### Work required
Only the images get left out; everything else in the records is to be transcribed exactly.

### Source records

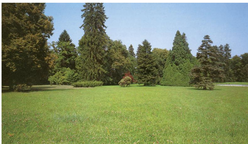
Slika 11: Travnjak arboretuma Opeka (Web 8)

Arrhenatherum elatius , Knautia arvensis , Pastinaca sativa , Trifolium pratense , Dactylis glomerata , Poa pratensis i Daucus carota . Fritillaria meleagris rijetka je biljka hrvatske flore koja naseljava vlažne travnjake. Na istraživanom području pronađene su i vrste koje se mogu ubrojiti u određene kategorije ugroženosti. Osjetljive vrste na ovom području su Fritillaria meleagris , Lilium martagon , Platanthera bifolia i Taxus baccata . Gotovo ugrožene vrste su Cephalanthera damasonium , Cyclamen purpurascens i Ruscus hypoglossum . U kategoriju najmanje zabrinjavajućih vrsta pripadaju Galanthus nivalis i Poa annua (Borak Martan i Šoštarić 2014). Također se u Arboretumu Opeka nalazi 36 zaštićenih vrsta i 9 strogo zaštićenih vrsta. Osim zaštićenih vrsta, u Arboretumu se nalaze invazivne vrste koje narušavaju biološku raznolikost područja. Osam invazivnih vrsta pronađenih ovdje su: Conyza canadensis , Erigeron annuus , Rudbeckia lacinata , Solidago gigantea , Phytolacca americana , Veronica persica , Parthenocissus quinquefolia i Galinsoga ciliata . Redovitim košenjem travnjaka (Slika 11) može se spriječiti širenje invazivnih vrsta (Borak Martan i Šoštarić 2011; Vitasović Kosić i sur. 2011; 2012).
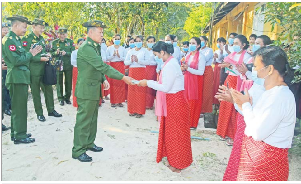
နိုင်ငံတော်စီမံအုပ်ချုပ်ရေးကောင်စီ ဒုတိယဥက္ကဋ္ဌ ဒုတိယတပ်မတော်ကာကွယ်ရေးဦးစီးချုပ် ကာကွယ်ရေးဦးစီးချုပ်(ကြည်း) ဒုတိယဗိုလ်ချုပ်မှူးကြီး စိုးဝင်း မှော်ဘီတပ်နယ်ရှိ နယ်မြေခံ တပ်ရင်း/ တပ်ဖွဲ့များမှ အိမ်ထောင်သည် ရဲမေ၊ မိသားစုများအား ချီးမြှင့်ငွေများ ပေးအပ်စဉ်။
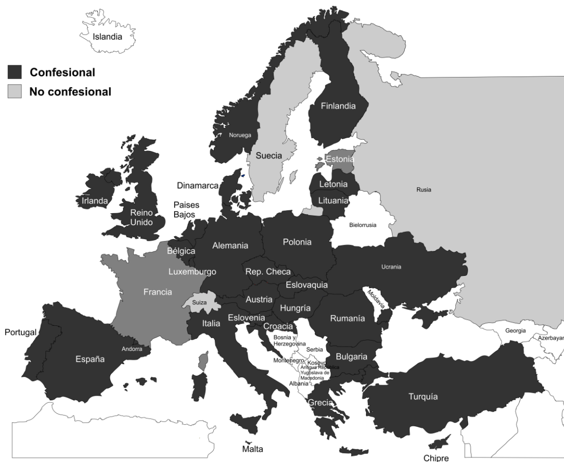
Mapa 7. Confesionalidad de la enseñanza religiosa.
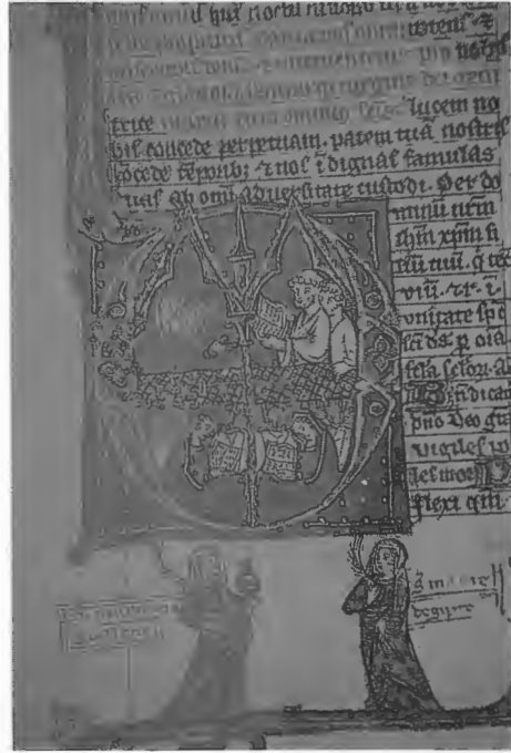
2. Llibre d'hores de la Biblioteca Koninklijke de la Haya, fol. 187v° (1300-1310).
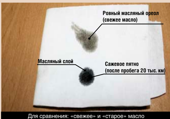
Для сравнения: «свежее» и «старое» масло
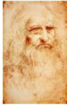
Leonard de Vinci

Il travailla pour de nombreux rois et reines dont François 1er en France.
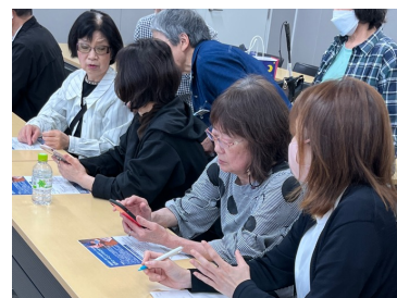
写真 ユーザーとサポーターの様子

全11回コース、前半の5回でSiri、電話とメール、6回～11回でよく使うアプリの使い方(印刷物の活字の読み上げ、Zoomアプリなど)
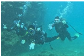
スポーツ科学科 水辺実習
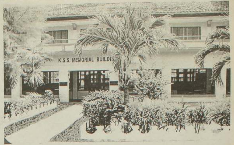
விடுதியின் நூற்றாண்டு நிகழ்வு நாளை

முன்னாள் அதிபர் ஜி. சிவ ராஜீ அவர்களின் பெருமுயற் சியினால் 30.05.1910 ஆம் ஆண்டு மீண்டும் விடுதி நிறுவப்பட்டது. அன்றிலிருந்து இன்று வரை (அசாதாரண சூழ் நிலையின் விளைவாக 1990 - 2008 ஆம் ஆண்டுகளில் விடுதி
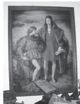
コロンブスとその息子ディエゴの肖像画である。
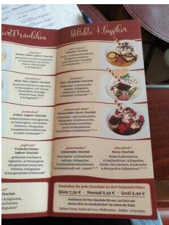
Gastraum 1 mit Eistheke
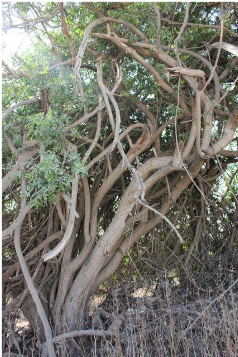
צילום 6622 - פלפלון - עץ מספר 4
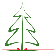
Celma diametrs nedrīkst pārsniegt 12 cm.
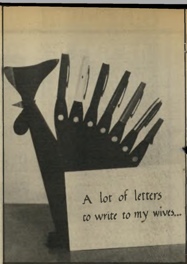
מיכתבים לכל הנשים שלי רכוש ראשון: אופנוע
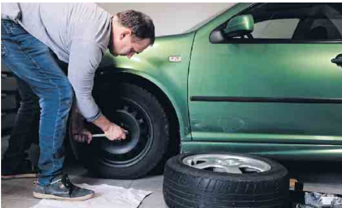
Reifenwechsel muss sein. Wer selber Hand anlegt, kann viel Geld sparen und ist auf der sicheren Seite.

le Jahre, denn mit abgefahrenen Reifen kommt man auch bei seiner Versicherung rechtlich schnell ins Schleudern. (akz-o)
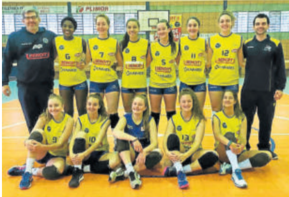
Languiru/Martin Luther/AVATES "A" lidera a competição
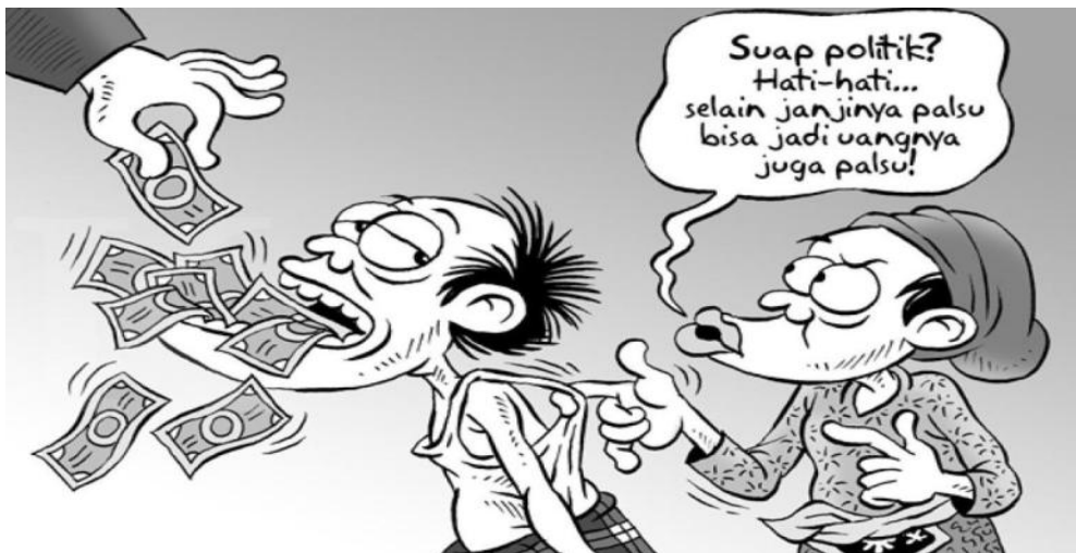
Gambar VI.4: Salah satu etika dalam berdemokrasi adalah menolak berbagai macam bentuk suap dalam proses pemilihan wakil-wakil rakyat.

Etika Pancasila diperlukan dalam kehidupan bermasyarakat, berbangsa, dan bernegara sebab berisikan tuntunan nilai-nilai moral yang hidup. Namun, diperlukan kajian kritis-rasional terhadap nilai-nilai moral yang hidup tersebut agar tidak terjebak ke dalam pandangan yang bersifat mitos. Misalnya, korupsi terjadi lantaran seorang pejabat diberi hadiah oleh seseorang yang memerlukan bantuan atau jasa si pejabat agar urusannya lancar. Si pejabat menerima hadiah tanpa memikirkan alasan orang tersebut memberikan hadiah. Demikian pula halnya dengan masyarakat yang menerima sesuatu dalam konteks politik sehingga dapat dikategorikan sebagai bentuk suap, seperti contoh berikut:
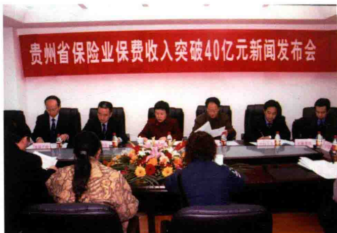
2005年末，全省保险业保费收入突破40亿元，贵州保监局组织召开新闻发布会
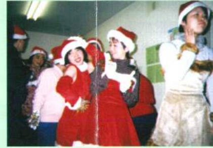
ハア～い！楽しんでま～す
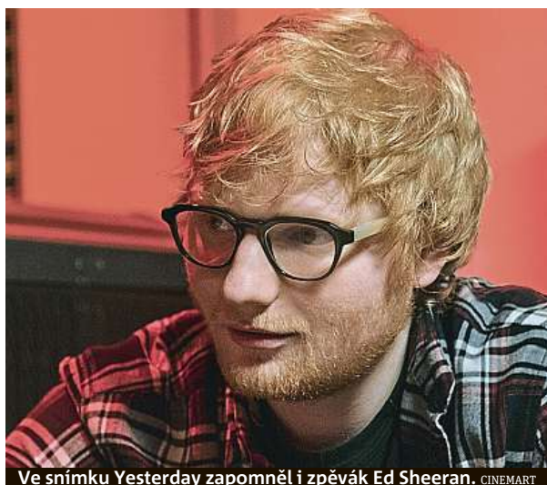
Ve snímku Yesterday zapomněl i zpěvák Ed Sheeran.

Tento žánr se dá totiž pojmut nejen komediálně jako ve filmech 50x a stále poprvé či animáku Hledá se
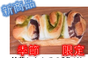
新商品 季節限定 抹茶とあんこの2色パン 220円
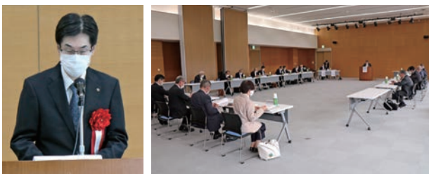
祝辞を述べる遠山農林水産部副部長（左）と定時総会の様子（右）

### Task solution
Slika 11: Travnjak arboretuma Opeka (Web 8)

Arrhenatherum elatius , Knautia arvensis , Pastinaca sativa , Trifolium pratense , Dactylis glomerata , Poa pratensis i Daucus carota . Fritillaria meleagris rijetka je biljka hrvatske flore koja naseljava vlažne travnjake. Na istraživanom području pronađene su i vrste koje se mogu ubrojiti u određene kategorije ugroženosti. Osjetljive vrste na ovom području su Fritillaria meleagris , Lilium martagon , Platanthera bifolia i Taxus baccata . Gotovo ugrožene vrste su Cephalanthera damasonium , Cyclamen purpurascens i Ruscus hypoglossum . U kategoriju najmanje zabrinjavajućih vrsta pripadaju Galanthus nivalis i Poa annua (Borak Martan i Šoštarić 2014). Također se u Arboretumu Opeka nalazi 36 zaštićenih vrsta i 9 strogo zaštićenih vrsta. Osim zaštićenih vrsta, u Arboretumu se nalaze invazivne vrste koje narušavaju biološku raznolikost područja. Osam invazivnih vrsta pronađenih ovdje su: Conyza canadensis , Erigeron annuus , Rudbeckia lacinata , Solidago gigantea , Phytolacca americana , Veronica persica , Parthenocissus quinquefolia i Galinsoga ciliata . Redovitim košenjem travnjaka (Slika 11) može se spriječiti širenje invazivnih vrsta (Borak Martan i Šoštarić 2011; Vitasović Kosić i sur. 2011; 2012).
နိုင်ငံတော်စီမံအုပ်ချုပ်ရေးကောင်စီ ဒုတိယဥက္ကဋ္ဌ ဒုတိယတပ်မတော်ကာကွယ်ရေးဦးစီးချုပ် ကာကွယ်ရေးဦးစီးချုပ်(ကြည်း) ဒုတိယဗိုလ်ချုပ်မှူးကြီး စိုးဝင်း မှော်ဘီတပ်နယ်ရှိ နယ်မြေခံ တပ်ရင်း/ တပ်ဖွဲ့များမှ အိမ်ထောင်သည် ရဲမေ၊ မိသားစုများအား ချီးမြှင့်ငွေများ ပေးအပ်စဉ်။
Mapa 7. Confesionalidad de la enseñanza religiosa.
2. Llibre d'hores de la Biblioteca Koninklijke de la Haya, fol. 187v° (1300-1310).
Для сравнения: «свежее» и «старое» масло
Leonard de Vinci

Il travailla pour de nombreux rois et reines dont François 1er en France.
写真 ユーザーとサポーターの様子

全11回コース、前半の5回でSiri、電話とメール、6回～11回でよく使うアプリの使い方(印刷物の活字の読み上げ、Zoomアプリなど)
スポーツ科学科 水辺実習
விடுதியின் நூற்றாண்டு நிகழ்வு நாளை

முன்னாள் அதிபர் ஜி. சிவ ராஜீ அவர்களின் பெருமுயற் சியினால் 30.05.1910 ஆம் ஆண்டு மீண்டும் விடுதி நிறுவப்பட்டது. அன்றிலிருந்து இன்று வரை (அசாதாரண சூழ் நிலையின் விளைவாக 1990 - 2008 ஆம் ஆண்டுகளில் விடுதி
コロンブスとその息子ディエゴの肖像画である。
Gastraum 1 mit Eistheke
צילום 6622 - פלפלון - עץ מספר 4
Celma diametrs nedrīkst pārsniegt 12 cm.
מיכתבים לכל הנשים שלי רכוש ראשון: אופנוע
Reifenwechsel muss sein. Wer selber Hand anlegt, kann viel Geld sparen und ist auf der sicheren Seite.

le Jahre, denn mit abgefahrenen Reifen kommt man auch bei seiner Versicherung rechtlich schnell ins Schleudern. (akz-o)
Languiru/Martin Luther/AVATES "A" lidera a competição
Gambar VI.4: Salah satu etika dalam berdemokrasi adalah menolak berbagai macam bentuk suap dalam proses pemilihan wakil-wakil rakyat.

Etika Pancasila diperlukan dalam kehidupan bermasyarakat, berbangsa, dan bernegara sebab berisikan tuntunan nilai-nilai moral yang hidup. Namun, diperlukan kajian kritis-rasional terhadap nilai-nilai moral yang hidup tersebut agar tidak terjebak ke dalam pandangan yang bersifat mitos. Misalnya, korupsi terjadi lantaran seorang pejabat diberi hadiah oleh seseorang yang memerlukan bantuan atau jasa si pejabat agar urusannya lancar. Si pejabat menerima hadiah tanpa memikirkan alasan orang tersebut memberikan hadiah. Demikian pula halnya dengan masyarakat yang menerima sesuatu dalam konteks politik sehingga dapat dikategorikan sebagai bentuk suap, seperti contoh berikut:
2005年末，全省保险业保费收入突破40亿元，贵州保监局组织召开新闻发布会
ハア～い！楽しんでま～す
Ve snímku Yesterday zapomněl i zpěvák Ed Sheeran.

Tento žánr se dá totiž pojmut nejen komediálně jako ve filmech 50x a stále poprvé či animáku Hledá se
新商品 季節限定 抹茶とあんこの2色パン 220円
祝辞を述べる遠山農林水産部副部長（左）と定時総会の様子（右）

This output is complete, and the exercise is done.